Als allerlaatste van de klas is voor haar het moment eindelijk daar: dochter heeft een wiebeltand!
Dagenlang wordt er gefrunnikt, gedraaid en gefriemeld en horen we te pas en onpas hoe klasgenootjes alweer een nachtelijk bezoek van de tandenfee hebben gehad en ’s morgens opnieuw een euro onder hun kussen vinden. Ze kan niet wachten om wel net zo rijk te worden.
Dat wachten wordt op een avond beloond als ze met open mond en grote ogen de eerste glimmende melktand in haar hand ziet liggen. Ook ik schrik, maar dat is vooral omdat ik de voor de tandenfee gereserveerde euro de dag ervoor toch nog weer ergens heb uitgegeven. Stom. Gelukkig wonen mijn ouders niet ver weg. Een ritje later en deze fee kan alsnog dezelfde nacht in actie komen.
Hoewel… de tijd glijdt voorbij en rond een uur of zes in de ochtend klinkt er in huis luid gestommel. Dochter vecht in haar kamer met het matras, haar dekbed ligt al op de grond. „Wat doe jij nou?” vraag ik. „Ik kan de euro van de tandenfee nergens vinden”, reageert ze verbouwereerd. Ik schrik opnieuw, storm de trap af, pak de euro in kwestie, spoel ceremonieel het toilet door en ren weer naar boven om haar te helpen zoeken. „Ja! Gevonden!” We juichen samen, ik mogelijk net iets harder.
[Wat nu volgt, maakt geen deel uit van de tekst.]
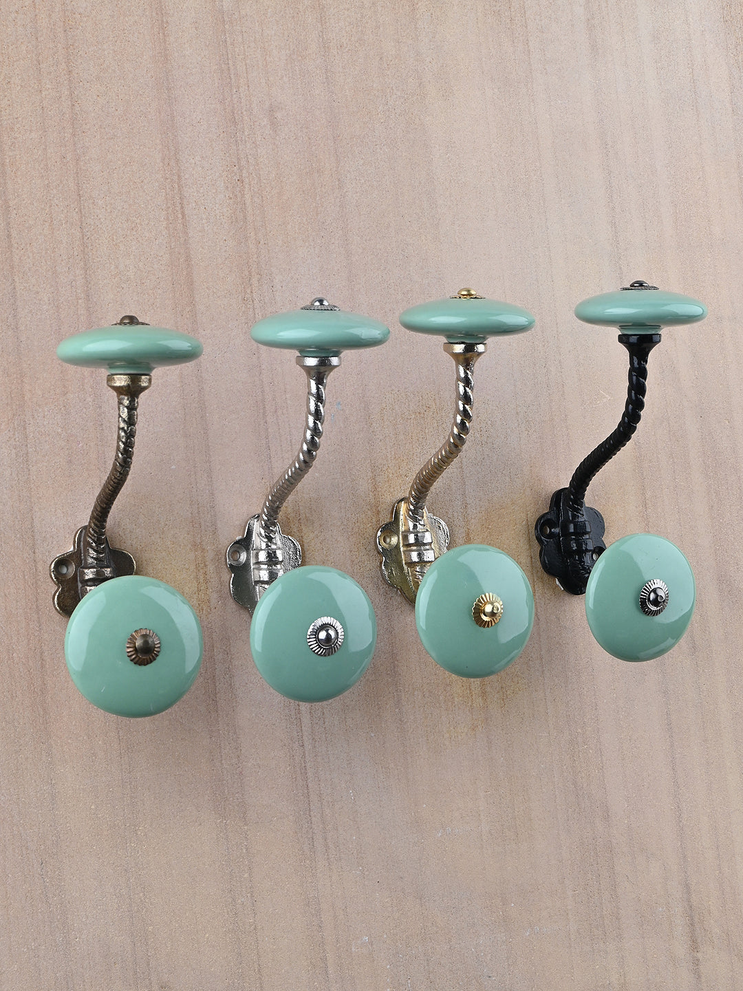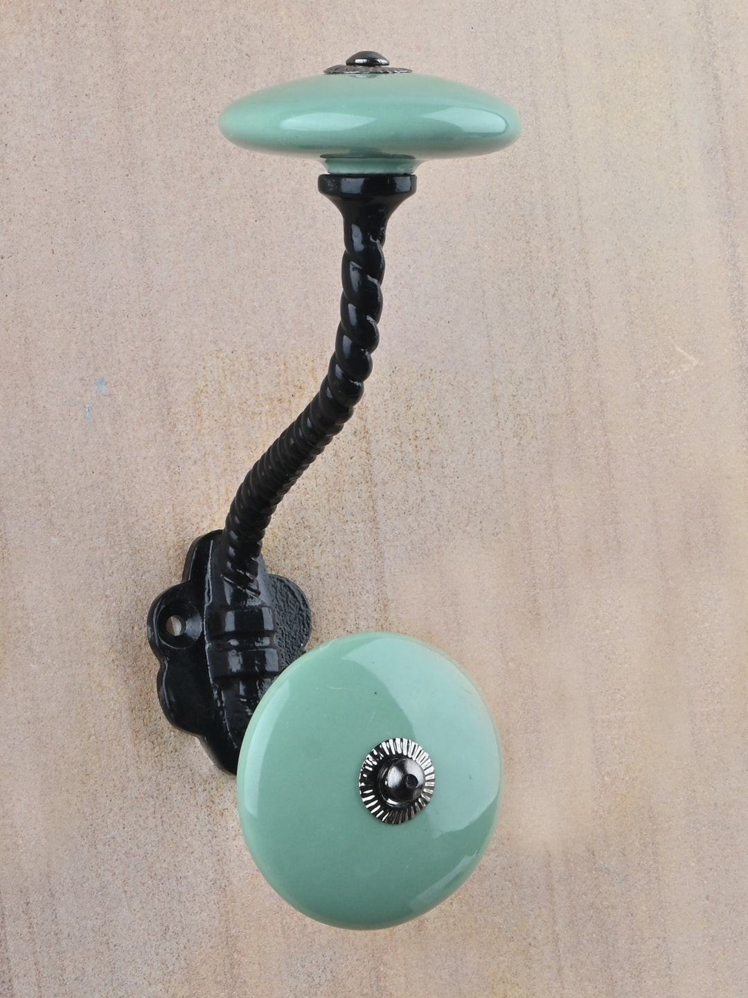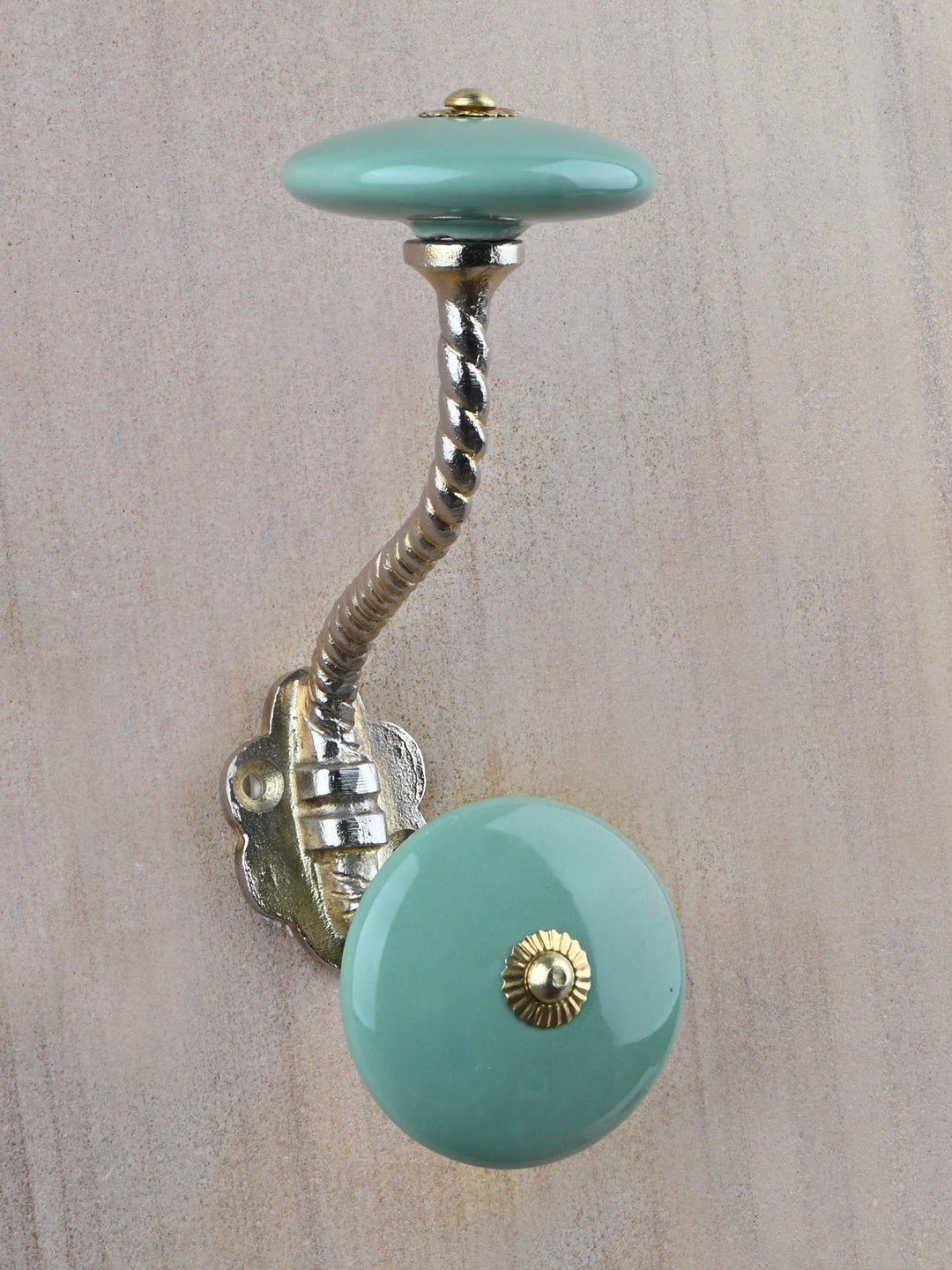Solid Teal Ceramic Knob With Metal Wall Hanger

Een dag later is dochter ’s nachts stiekem bij ons in bed gekropen. Naast haar adem in mijn oorschelp en haar elleboog in mijn zij, voel ik ineens iets scherps prikken in mijn nek. „Au!” Met het licht aan zie ik haar glinsterende melktand naast mij liggen. „Zeg, waarom ligt jouw tand nu ook bij ons in bed?” Een boze blik volgt. „Ssst niet zo hard! De tandenfee weet misschien niet dat dit dezelfde tand is en dan krijg ik nog een euro!”